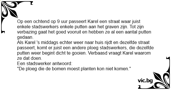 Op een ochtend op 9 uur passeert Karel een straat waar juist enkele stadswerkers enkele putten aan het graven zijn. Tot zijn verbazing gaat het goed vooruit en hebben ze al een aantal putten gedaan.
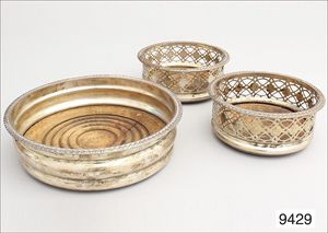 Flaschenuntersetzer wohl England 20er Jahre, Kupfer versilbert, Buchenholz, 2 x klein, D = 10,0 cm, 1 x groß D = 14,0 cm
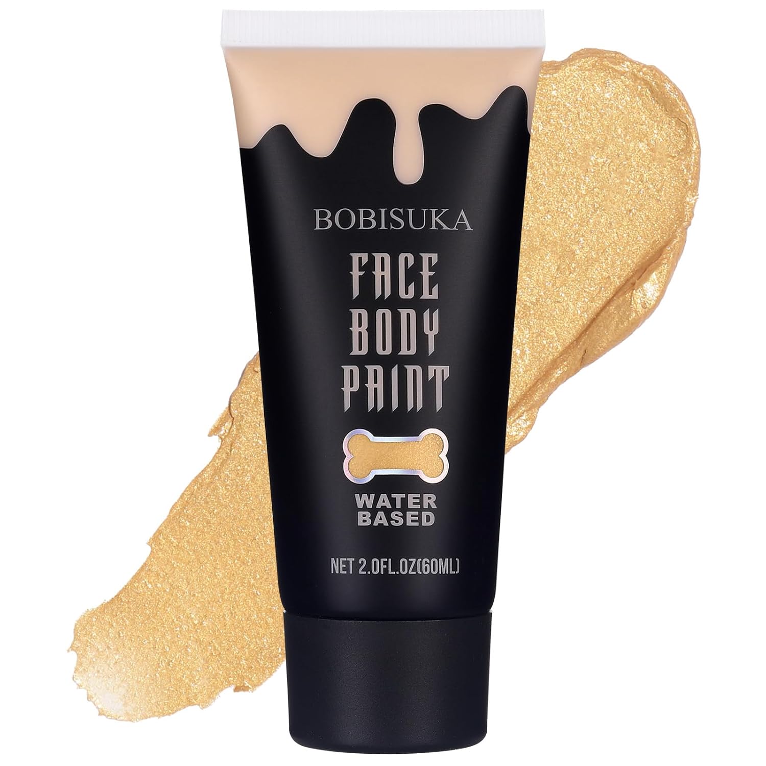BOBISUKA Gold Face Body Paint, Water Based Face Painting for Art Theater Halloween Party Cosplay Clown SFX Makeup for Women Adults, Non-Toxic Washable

* * * * *

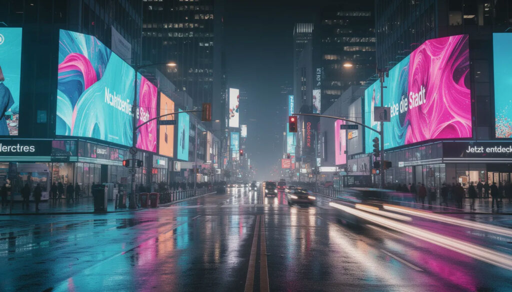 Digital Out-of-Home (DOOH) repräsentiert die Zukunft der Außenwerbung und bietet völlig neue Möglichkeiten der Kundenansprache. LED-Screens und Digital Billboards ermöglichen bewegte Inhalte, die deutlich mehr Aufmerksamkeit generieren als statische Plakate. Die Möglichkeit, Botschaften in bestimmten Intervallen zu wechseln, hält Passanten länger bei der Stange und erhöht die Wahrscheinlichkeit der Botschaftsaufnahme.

* * * * *

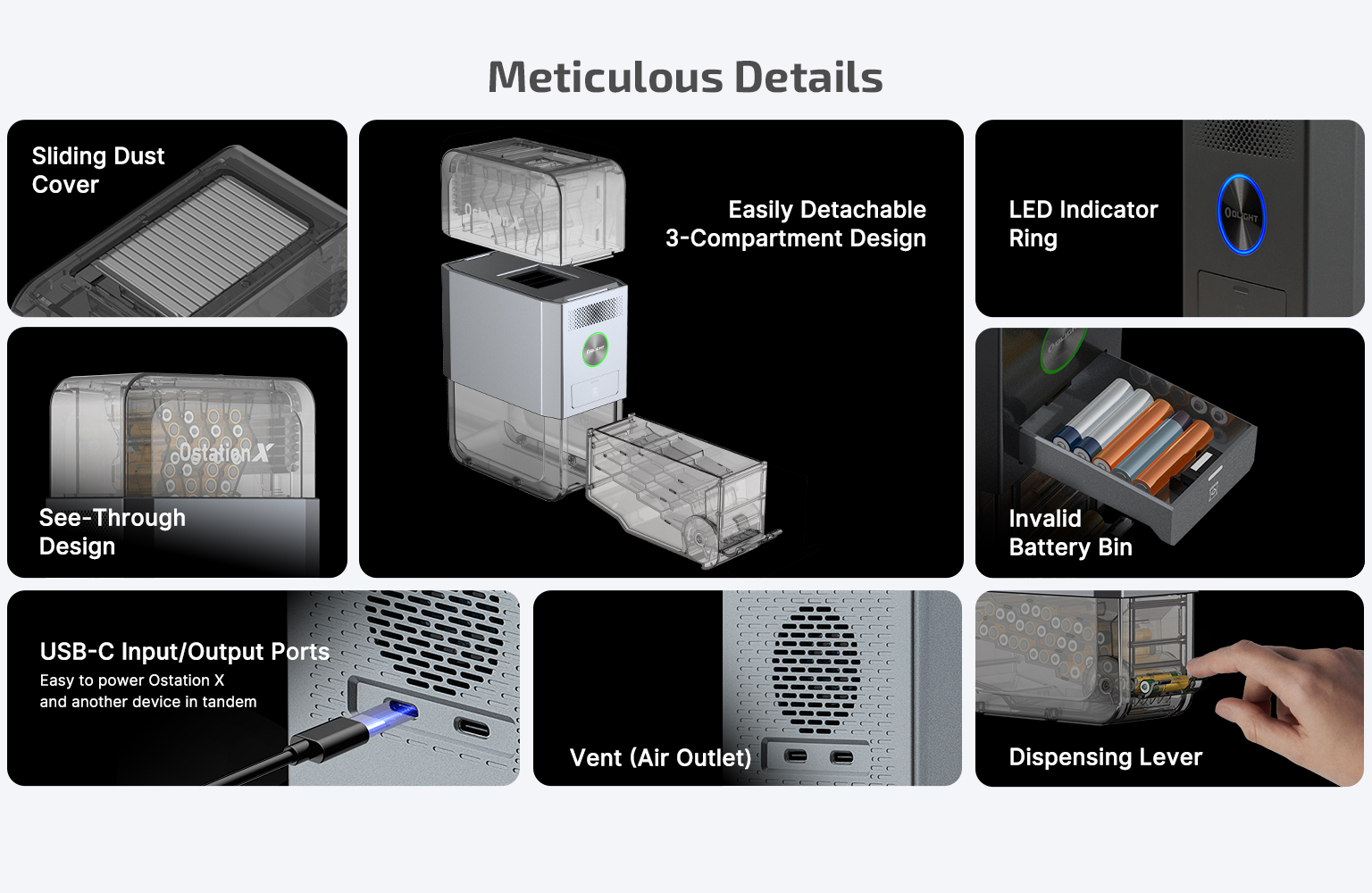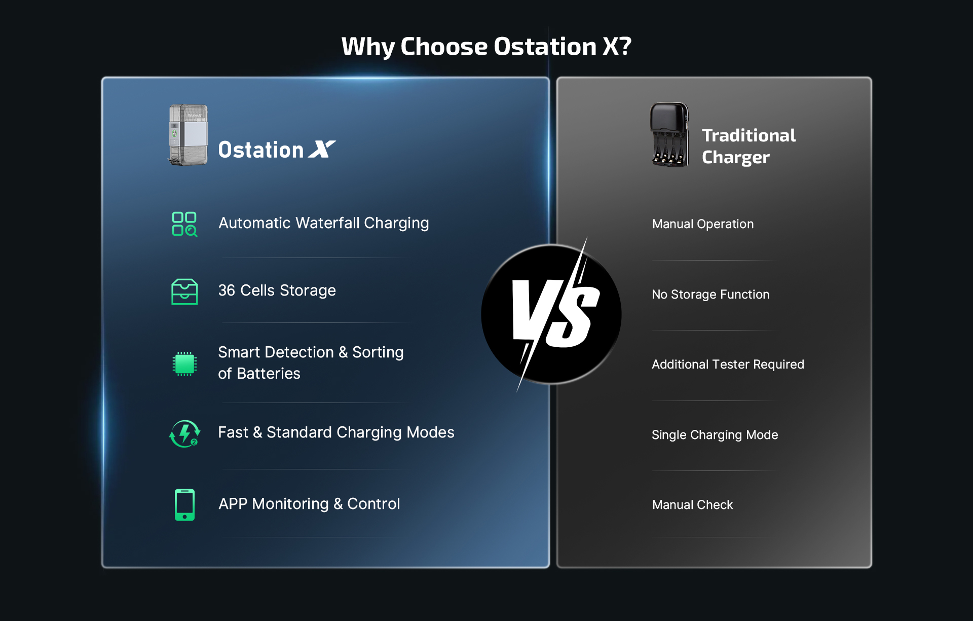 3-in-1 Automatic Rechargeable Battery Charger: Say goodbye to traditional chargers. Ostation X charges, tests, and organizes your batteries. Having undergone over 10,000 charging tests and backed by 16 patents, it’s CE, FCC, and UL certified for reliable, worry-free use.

* * * * *

[WORK TASK]: Please return the material above only from the line that holds "Op een ochtend" through the line that holds "Flaschenuntersetzer wohl England", exactly as it stands, ends included and pictures omitted.

[ANSWER]:
 Op een ochtend op 9 uur passeert Karel een straat waar juist enkele stadswerkers enkele putten aan het graven zijn. Tot zijn verbazing gaat het goed vooruit en hebben ze al een aantal putten gedaan.
 Flaschenuntersetzer wohl England 20er Jahre, Kupfer versilbert, Buchenholz, 2 x klein, D = 10,0 cm, 1 x groß D = 14,0 cm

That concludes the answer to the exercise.